Wishing you peace and contentment this holiday season!

December 24, 2023

My dad has A-Fib and had the ablation done, which has kept him okay for the past year.  I worry about having it, too.

I love the quote at the end…especially that you can think yourself into a depression.  That is so true!!  Some days it’s very hard to keep only positive thoughts in your head but so worth the effort.

Merry Christmas to you friend.  I hope you have a nice day with good food and company.  I think Christmas is a really good time or a really sad time for a lot of people.  I hope you can keep the sadness away.

December 25, 2023

@happyathome Thank you!  I hope you’ve had a good Christmas!

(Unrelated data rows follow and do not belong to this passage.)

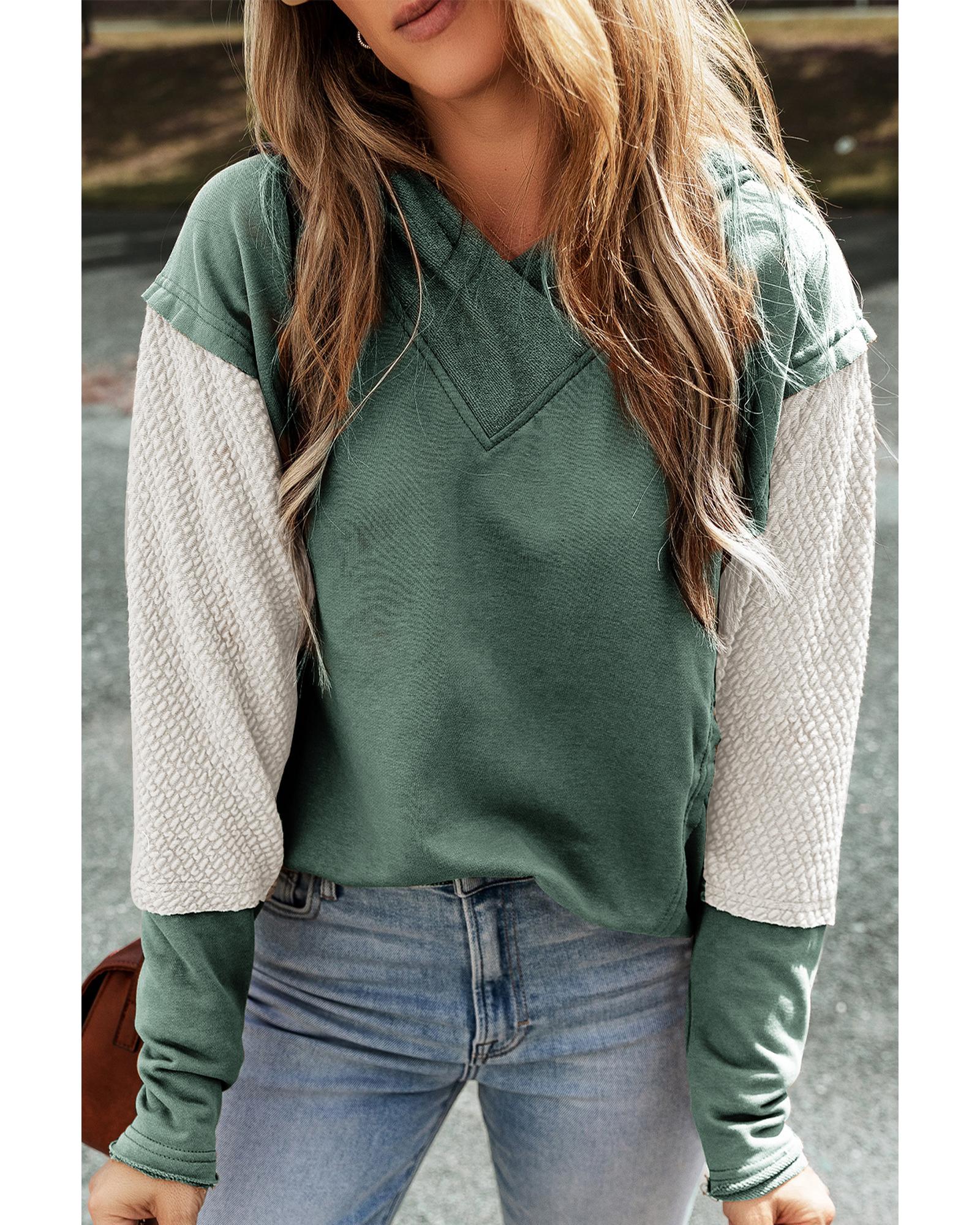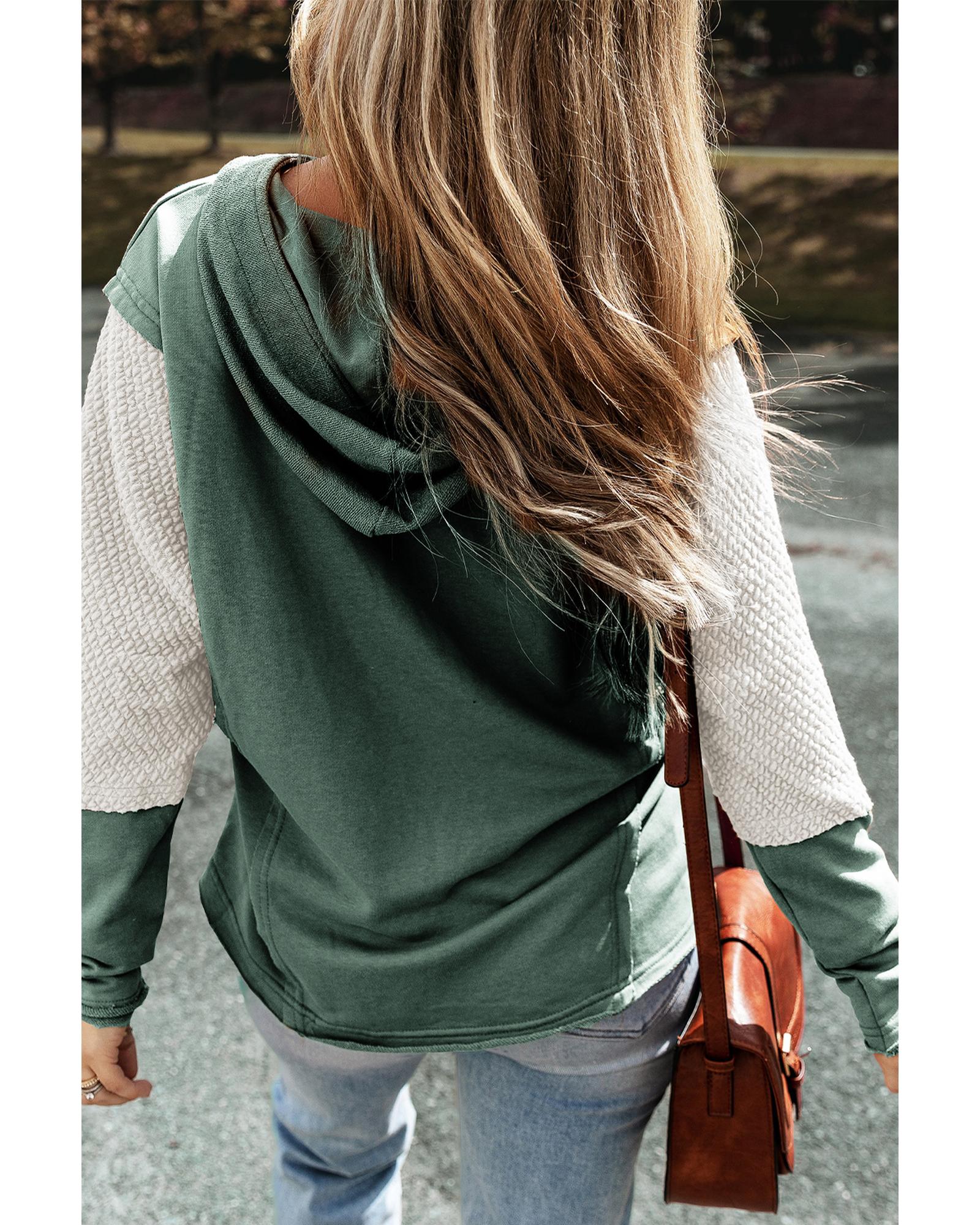 Mist Green Contrast Sleeves Patchwork Colorblock Hoodie – L
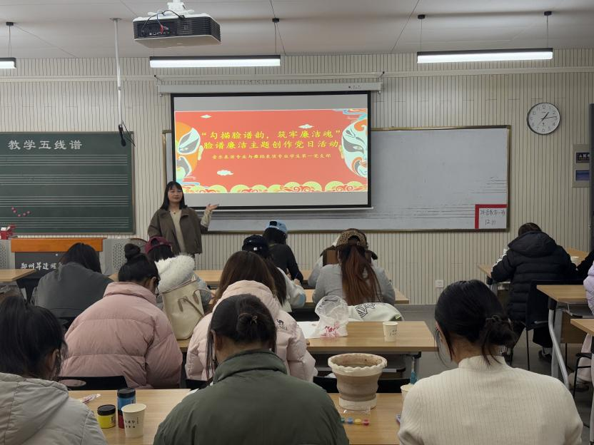 为创新廉洁教育形式,将传统文化与党性教育相结合,12月12日,音乐表演与舞蹈表演专业学生第一党支部在艺术楼301教室成功举办“勾描脸谱韵,筑牢廉洁魂”脸谱廉洁主题创作活动。党支部书记吕文娟同志、党支部组织委员杨孟珂同志和党支部宣传委员李慧同志出席活动,党支部全体成员和入党积极分子参与,活动由党支部书记吕文娟同志主持。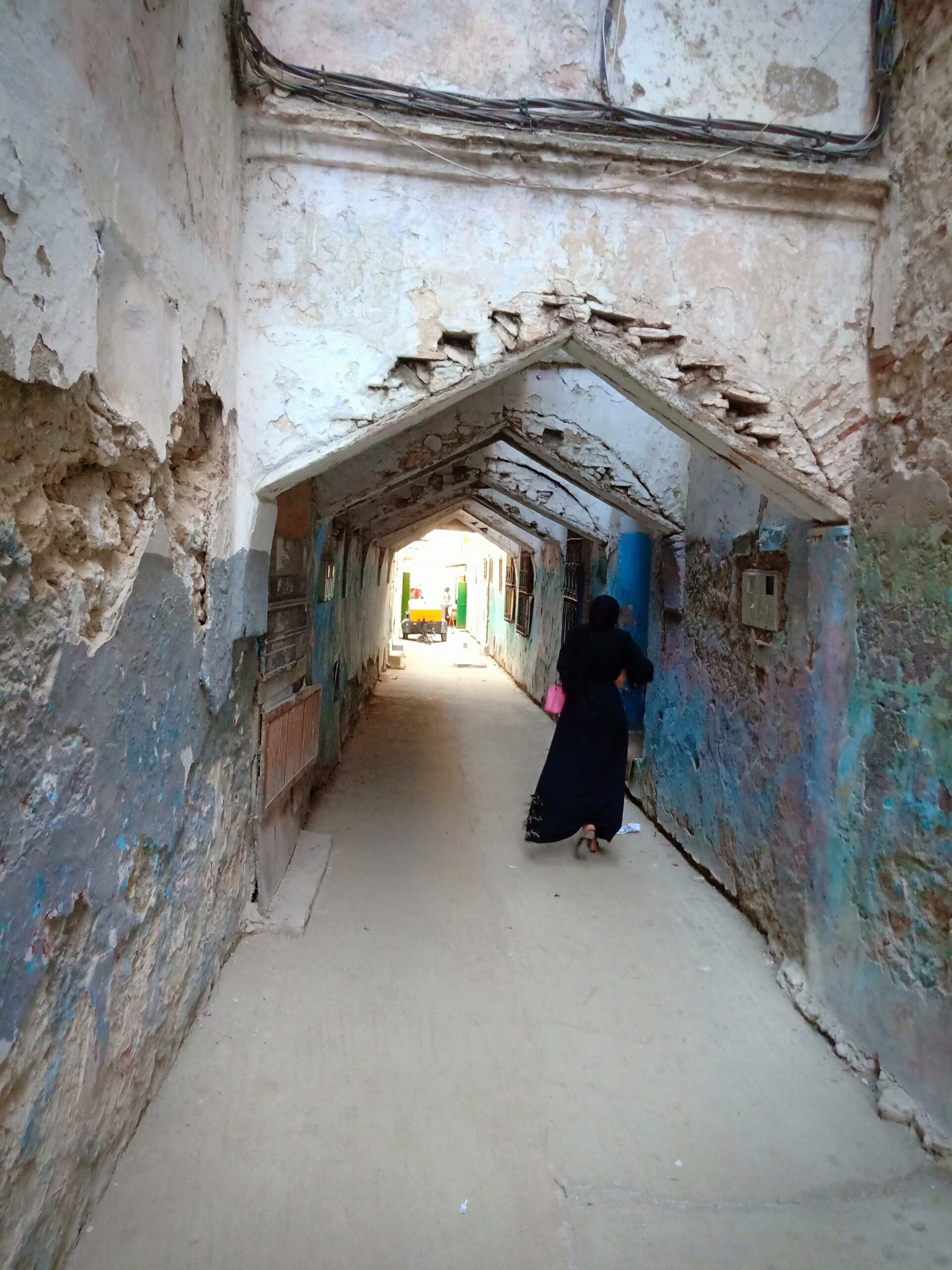 舊城區的巷弄大多很窄,最窄的大約只能容得下兩個人並肩而過。巷弄窄,意味著太陽曬不進來。沿街的房子都連載一起,沒見獨棟的。店鋪大多像窯洞,有個拱頂,除了門,其他三面沒有窗戶。厚實的牆壁,陽光曬不透。這或許是因應沙漠乾熱氣候,因地制宜所發展出的建築形式吧。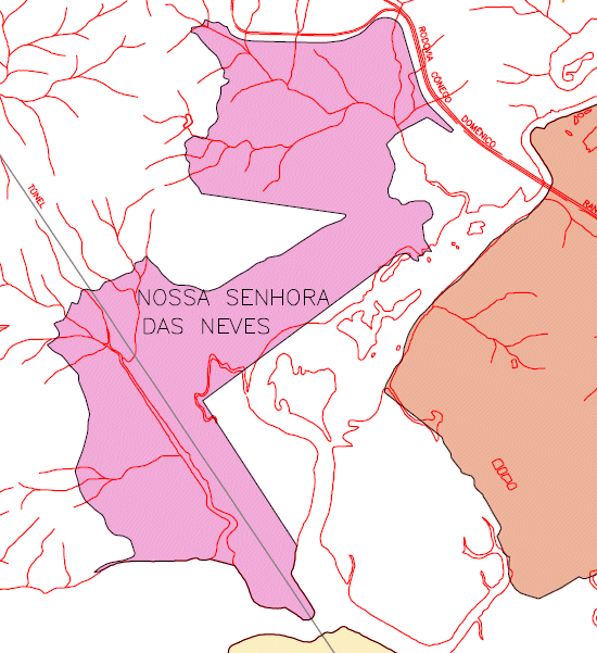 na lei de abairramento de Santos. Linhas vermelhas finas são a rede hidrográfica, linhas vermelhas paralelas indicam a Rodovia Cônego Domênico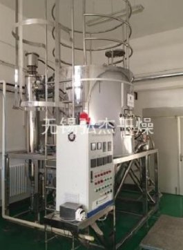 干燥速度快。料液经离心喷雾后表面积大大增加,在高温气流中,瞬间就可以蒸发95-98%的溶剂,完成干燥时间仅需数秒。产成品的颗粒基本能保持液滴近似的球状,产品具有良好的分散性,流动性和溶解性。干燥后产品不需要再进行粉碎和筛选,减少了生产工序。对于产品的粒径,松装度和溶剂含量在一定范围内,可改变操作条件进行调整。生产过程简化,自动化程度高,维护方便。本机组主要适用于化工,农药,高性能电池材料等行业。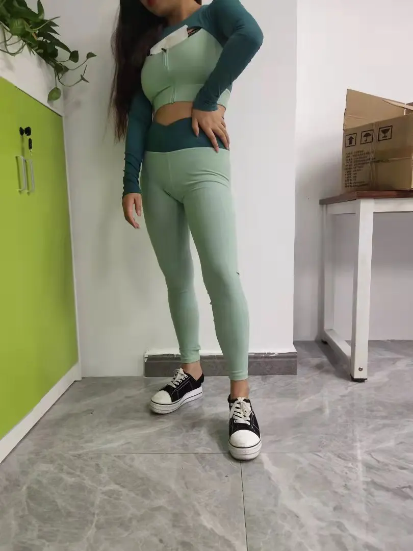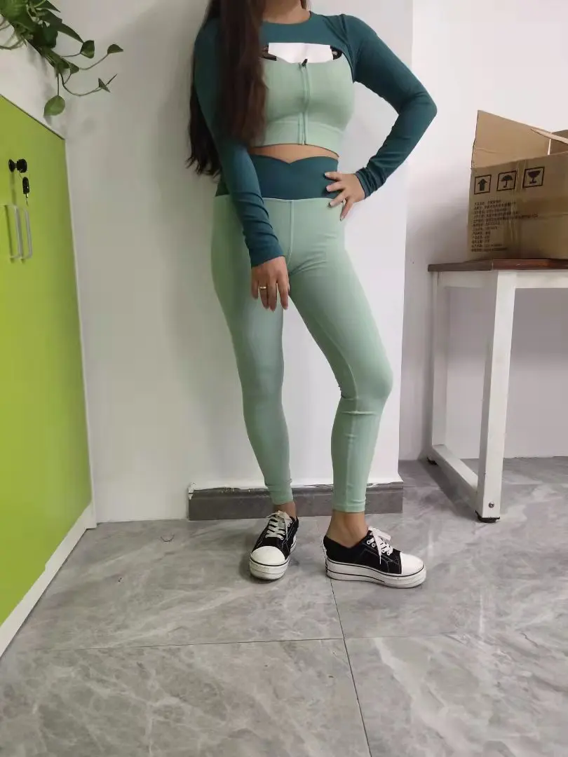 Женский комплект для йоги, сексуальные леггинсы на молнии с длинным...

My Christmas was last night at my brothers where we had a huge dinner and opened presents.  That was a big emotional high, but today, alone on Christmas Day, was a real come down, but it’s like this every year.  I should be used to it by now.

January 6, 2024

@oswego I’m sorry you were alone on Christmas Day.  I know I would have a hard time with that.  I’m glad you had somewhere to go on Christmas Eve.  Happy New Year to you…I hope it’s a good one for you.

December 25, 2023

Wishing you peace and joy during the holidays. Big Hugs

December 25, 2023

@timita Thank you!  🙂 Wishing you happiness  and peace in the new year!